Global warming - The FACTS

[image, unknown]
Kurbandurdy Muradov / CAMERA PRESS

Seen from space, our planet is a green and blue orb floating in an
apparently lifeless cosmos. A fragile balance, a fine ecological interdependence,
exists in the natural world which keeps the earth pulsing with life. Here the NI
details how that balance is now being upset by the depredations of humans.

[image, unknown] CLIMATE AND WEATHER

The difference between climate and weather is like the difference between the forest and the trees.

Weather is what we experience (and complain about) on a daily basis. We understand it in the familiar terms of the weather report: cloudy, windy, rainy, humid, sunny or snowy.

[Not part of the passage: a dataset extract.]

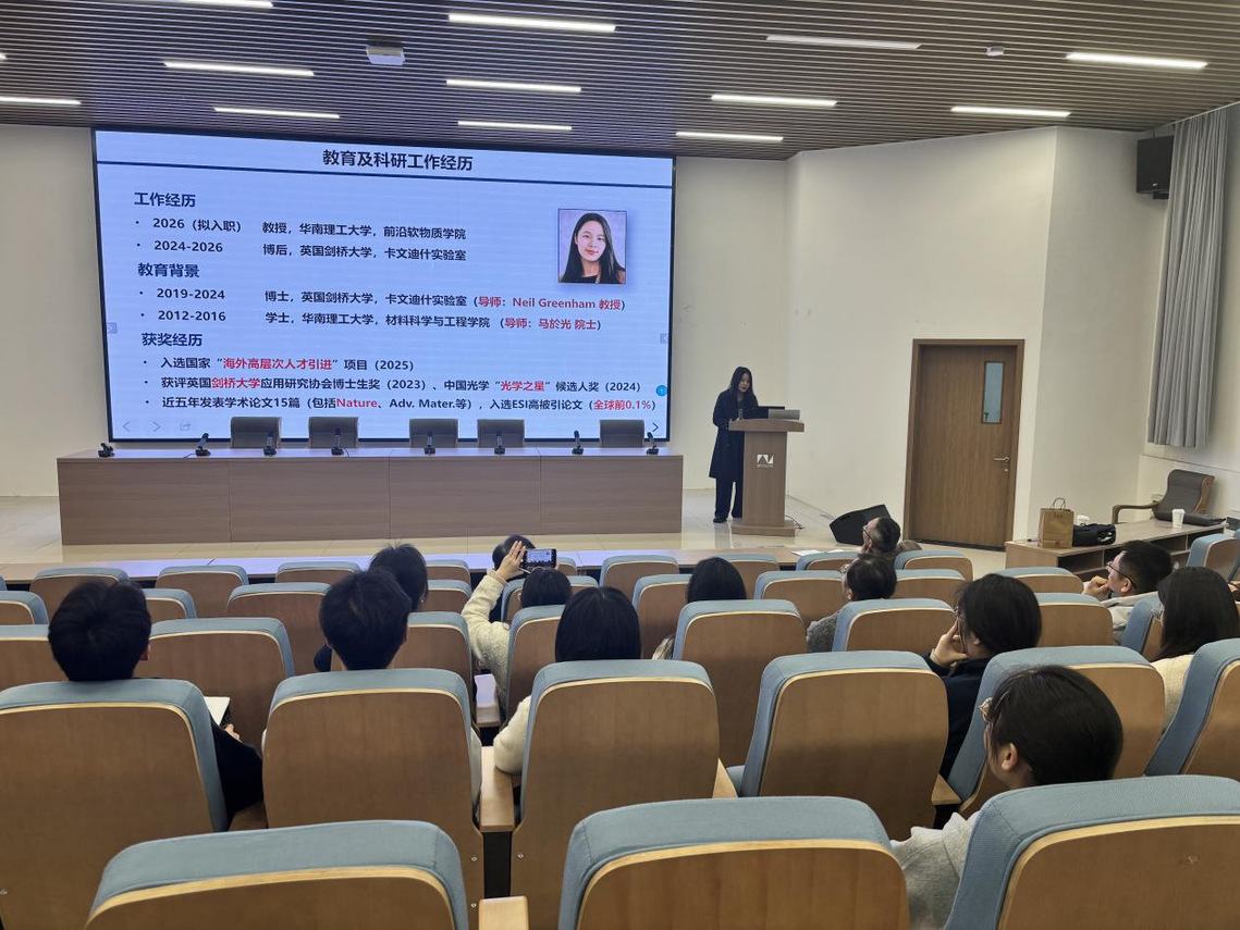 在交流环节,孙雨琦结合自身科研经历,与现场师生围绕钙钛矿发光器件的研究热点、实验方法及未来发展方向等问题进行了深入交流。本次学术报告内容丰富、前沿性强,进一步拓宽了免费游戏试玩 师生的学术视野,增进了大家对新型发光材料与器件物理研究前沿的了解,激发了师生浓厚的学习兴趣和科研热情。

Climate is a description of average weather conditions over time, a period of at least 30 years or more.

MAIN CLIMATE TYPES'

WHERE

AVERAGE WEATHER

Equatorial

Zaire Basin, Amazon, SE Asia

hot and wet all the year round

Tropical

Parts of Central Africa, India, Brazil, Central America

hot, wet summers; warm, dry winters

Warm humid

SE US, N Argentina, Sand Central China

summer rainy season; drier winter

Mediterranean

Mediterranean, southern Australia, California

hot, dry summer; rainy winters

West Coast Temperate

NW Europe, SW Canada

wettish through the year; equable temperatures

Continental

N American plains, Russian
steppes, Argentine pampas

moderate summer rain; extremes of temperature

Desert/mountains

Sahara, Central Australia,
Himalayas, Rockies, Andes

low rainfall; temperature extremes

 

[image, unknown] CONSTANT CHANGE

Climate results from interaction between the atmosphere, the oceans, the land surface, the polar ice caps and biological life (plants, animals and humans). Our climate is constantly changing, but most of the change takes place over generations and goes unnoticed. However, a sudden extraordinary event in one place can bring about rapid change all over the globe. For example:

[image, unknown] Dust in the atmosphere from volcanic explosions can result in cooling due to increased reflection of solar energy. A huge volcanic eruption in Indonesia in 1815 has been linked to the 1816 'year without summer' in the eastern US and Canada.2

[image, unknown] In 1983 El Niño, a warm ocean current off the Peruvian coast, was 7C warmer than usual. Weather across the world was altered - including floods along the west coast of North and South America and droughts in southern Asia, Africa and Australia.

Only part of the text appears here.